🤖 AI Summary
This work addresses the lack of efficient and reliable statistical inference methods in existing Explainable Boosting Machines (EBMs), which typically rely on computationally expensive bootstrapping to assess feature importance. The authors introduce Boulevard regularization, reformulating the gradient boosting procedure as a per-feature kernel ridge regression. This approach provides, for the first time, end-to-end asymptotic normality and theoretical guarantees for EBMs, enabling the construction of confidence and prediction intervals that do not depend on sample size. The method avoids the curse of dimensionality and achieves the minimax optimal mean squared error rate of \(O(pn^{-2/3})\) under Lipschitz generalized additive models, substantially enhancing both interpretability and statistical reliability.
📝 Abstract
Explainable boosting machines (EBMs) are popular"glass-box"models that learn a set of univariate functions using boosting trees.
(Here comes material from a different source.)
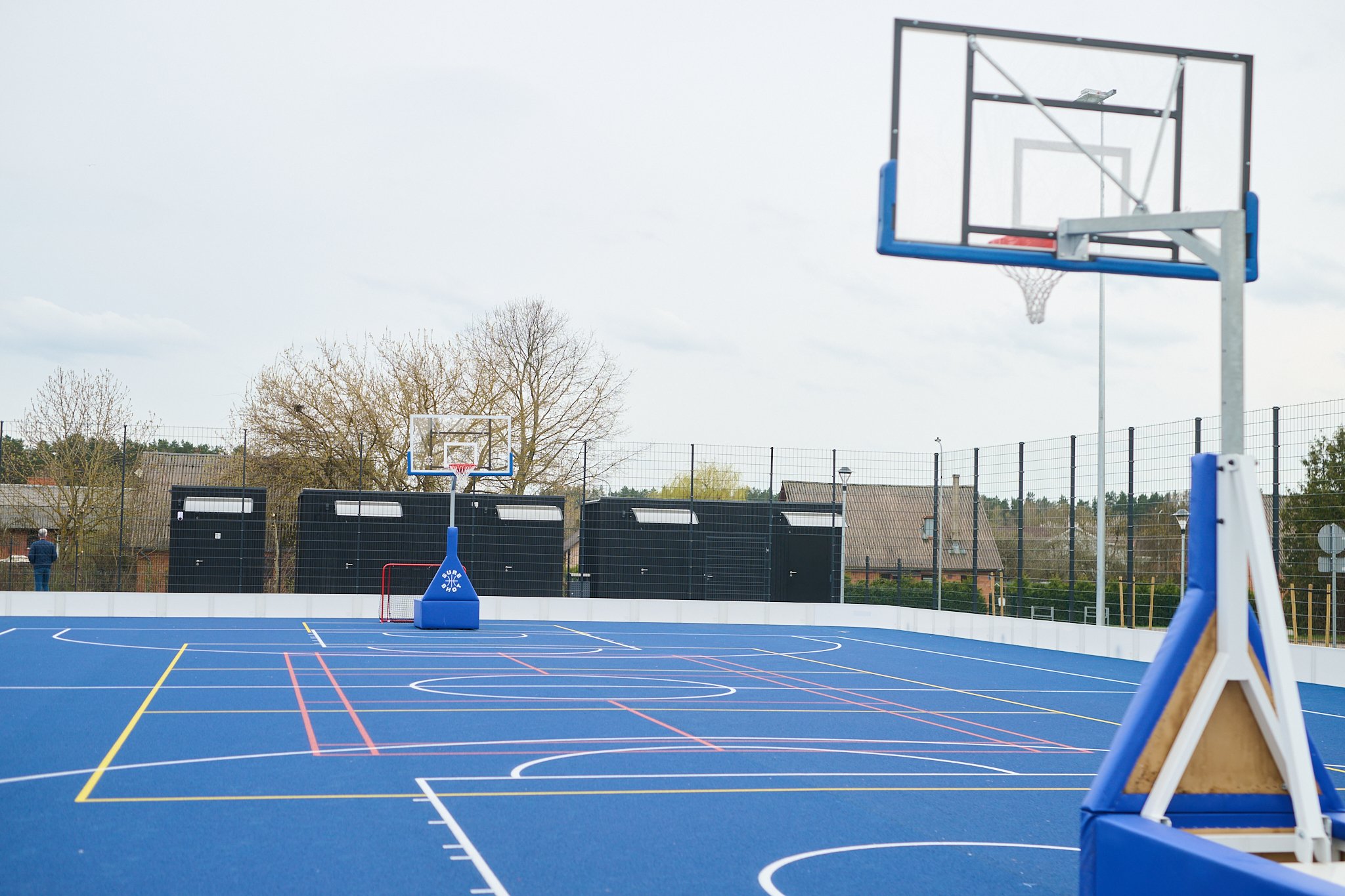 - divi sintētiskā seguma sporta spēļu multifunkcionālie laukumi, kur varēs spēlēt basketbolu, volejbolu, florbolu, tenisu, badmintonu un futbolu.

These achieve explainability through visualizations of each feature's effect. However, unlike linear model coefficients, uncertainty quantification for the learned univariate functions requires computationally intensive bootstrapping, making it hard to know which features truly matter. We provide an alternative using recent advances in statistical inference for gradient boosting, deriving methods for statistical inference as well as end-to-end theoretical guarantees. Using a moving average instead of a sum of trees (Boulevard regularization) allows the boosting process to converge to a feature-wise kernel ridge regression. This produces asymptotically normal predictions that achieve the minimax-optimal mean squared error for fitting Lipschitz GAMs with $p$ features at rate $O(pn^{-2/3})$, successfully avoiding the curse of dimensionality. We then construct prediction intervals for the response and confidence intervals for each learned univariate function with a runtime independent of the number of datapoints, enabling further explainability within EBMs.